Ketogenic diet is a high-fat, low carbohydrate diet used primarily as a quick weight loss regimen. By restricting carbohydrate intake, the body switches its primary fuel source from glucose to ketones, organic molecules synthesized by the liver to deliver clean, long-lasting, and abundant energy. While there is still much to be uncovered about the effect of the diet transiently on the body, there are many significant and well-understood long-term implications, including the lowering of inflammatory markers associated with diseases such cancer, diabetes, and obesity. The ketogenic diet can be therefore viewed as a preventative measure to reduce chronic inflammation associated with a host of inflammatory diseases. SARS (Severe Acute Respiratory Syndrome), an inflammatory respiratory illness caused by a coronavirus, is responsible for hijacking its host genome and inducing a cytokine storm in the body. SARS-CoV-2, for example, has been shown to prevent gene activation of interferons, proteins released by infected cells that signal to nearby cells to activate their own genes to slow further viral replication. Without interferon activation, viruses such as coronavirus are capable of unchecked replication and runaway inflammation that impedes the immune system, promoting a dangerous inflammatory response.

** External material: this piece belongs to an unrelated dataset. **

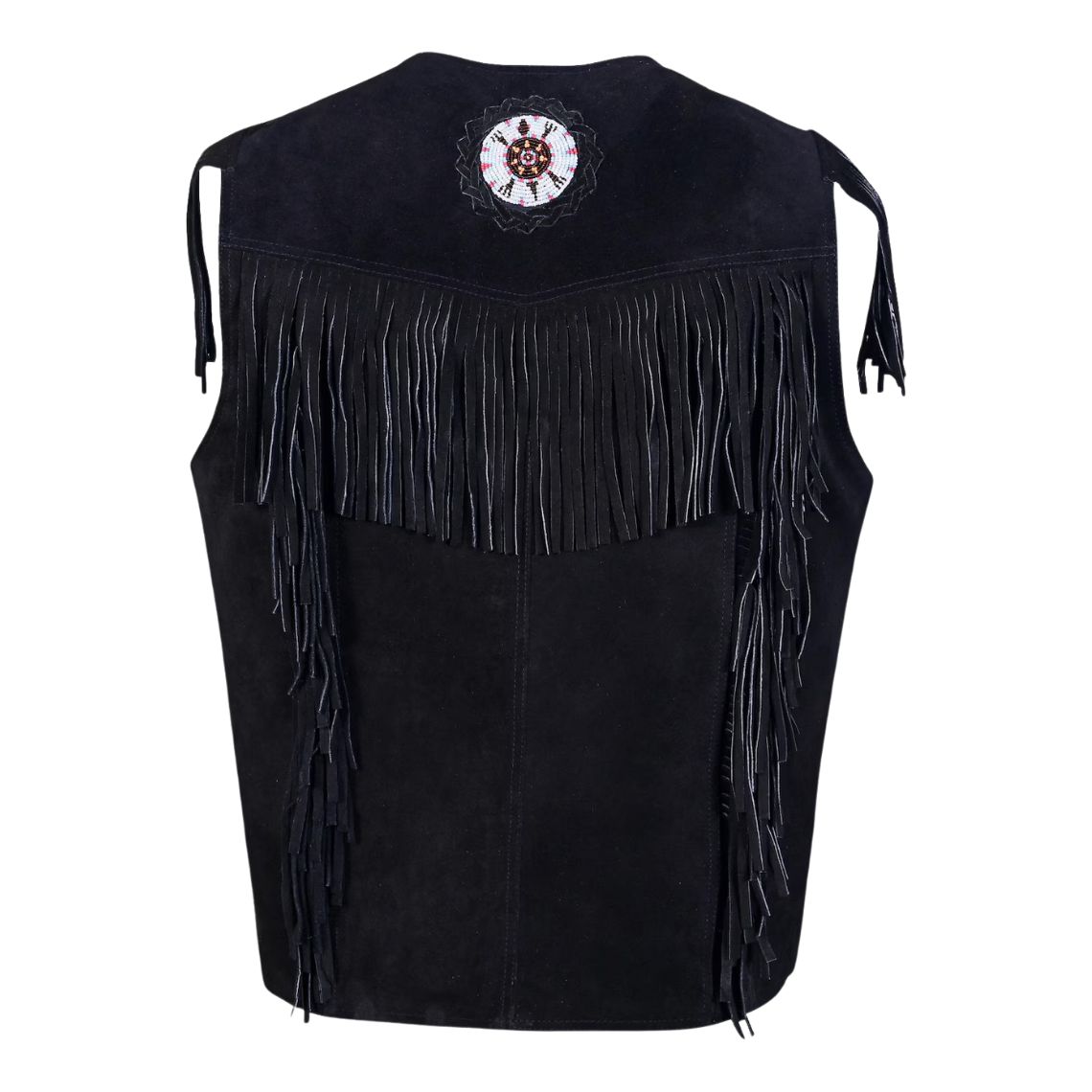 Stand out in the Suede Leather Western Vest with Beaded Fringe. Designed with bone detailing, fringe accents, and hand-beaded medallions for a true western look.

Within a matter of days, COVID-19 swept up society into a state of paranoia and fear, igniting concerns surrounding the short term and long-term implications on our health. As more information emerged regarding its mechanism of transmission, who is most at risk, and who presents the biggest risk of transmission, scientists developed a key understanding of why at-risk individuals are hit the hardest, and how we can best respond to COVID-19 positive individuals through treatment.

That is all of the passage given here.